→ TASK INSTRUCTIONS
The answer must be a word-for-word copy of the records below, with every picture left out.

→ Stored items
##############################

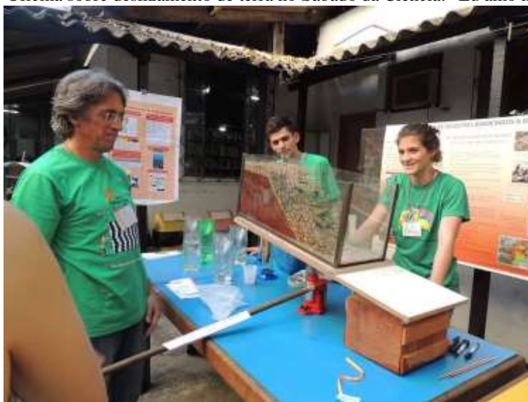
Figura 24 - Oficina sobre deslizamento de terra no Sábado da Ciência: "Eu amo matemática!"

As imagens (figuras 24 a 30) abaixo ilustram algumas dessas atividades. A figura 24, por exemplo, mostra a utilização de maquetes para explicar os mecanismos físicos dos deslizamentos de terra e como as ações do homem (e as características naturais) influenciam nesse processo. Já na figura 25, os participantes estão aprendendo a construir instrumentos de sopro utilizando materiais recicláveis.
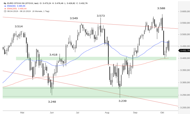
Stand: 09.10.2019, 7:00 Uhr
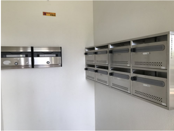
5.集合ポスト・看板
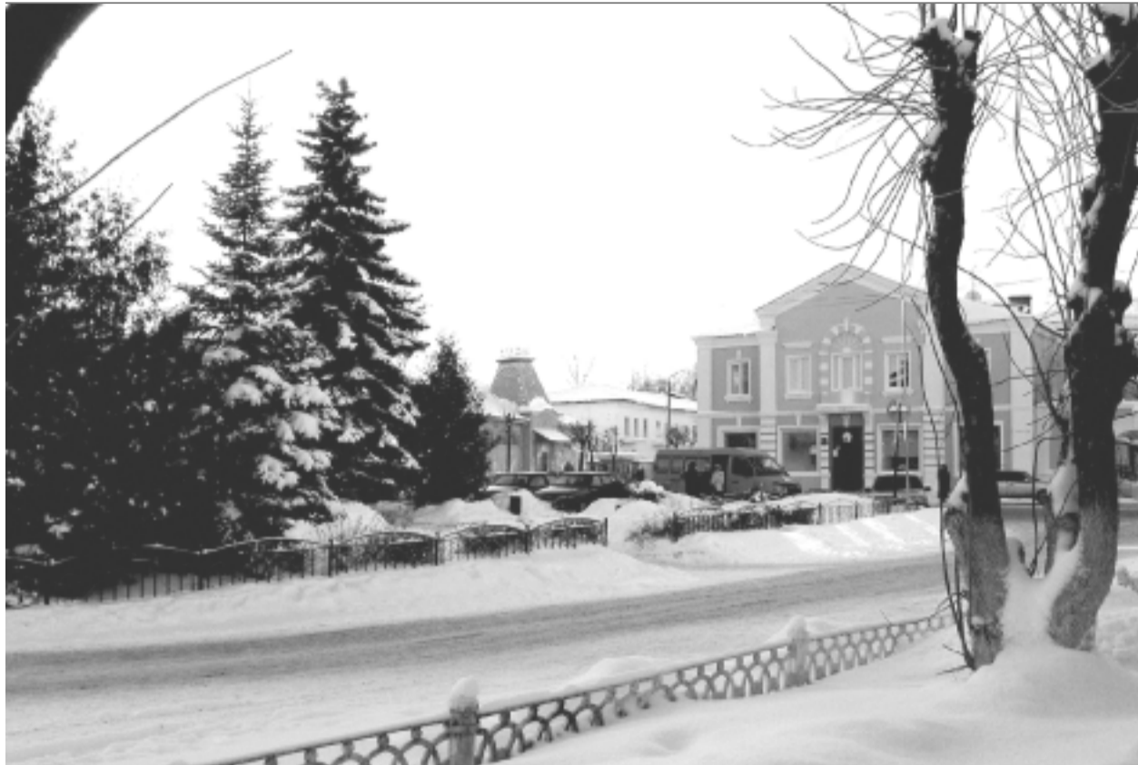
Мы любим свой город, свою страну!

традиций, идеология гордости за свою страну и желания сделать ее сильной, процветающей, всеми в мире уважаемой.

##############################

→ TASK RESPONSE
Figura 24 - Oficina sobre deslizamento de terra no Sábado da Ciência: "Eu amo matemática!"

As imagens (figuras 24 a 30) abaixo ilustram algumas dessas atividades. A figura 24, por exemplo, mostra a utilização de maquetes para explicar os mecanismos físicos dos deslizamentos de terra e como as ações do homem (e as características naturais) influenciam nesse processo. Já na figura 25, os participantes estão aprendendo a construir instrumentos de sopro utilizando materiais recicláveis.
Stand: 09.10.2019, 7:00 Uhr
5.集合ポスト・看板
Мы любим свой город, свою страну!

традиций, идеология гордости за свою страну и желания сделать ее сильной, процветающей, всеми в мире уважаемой.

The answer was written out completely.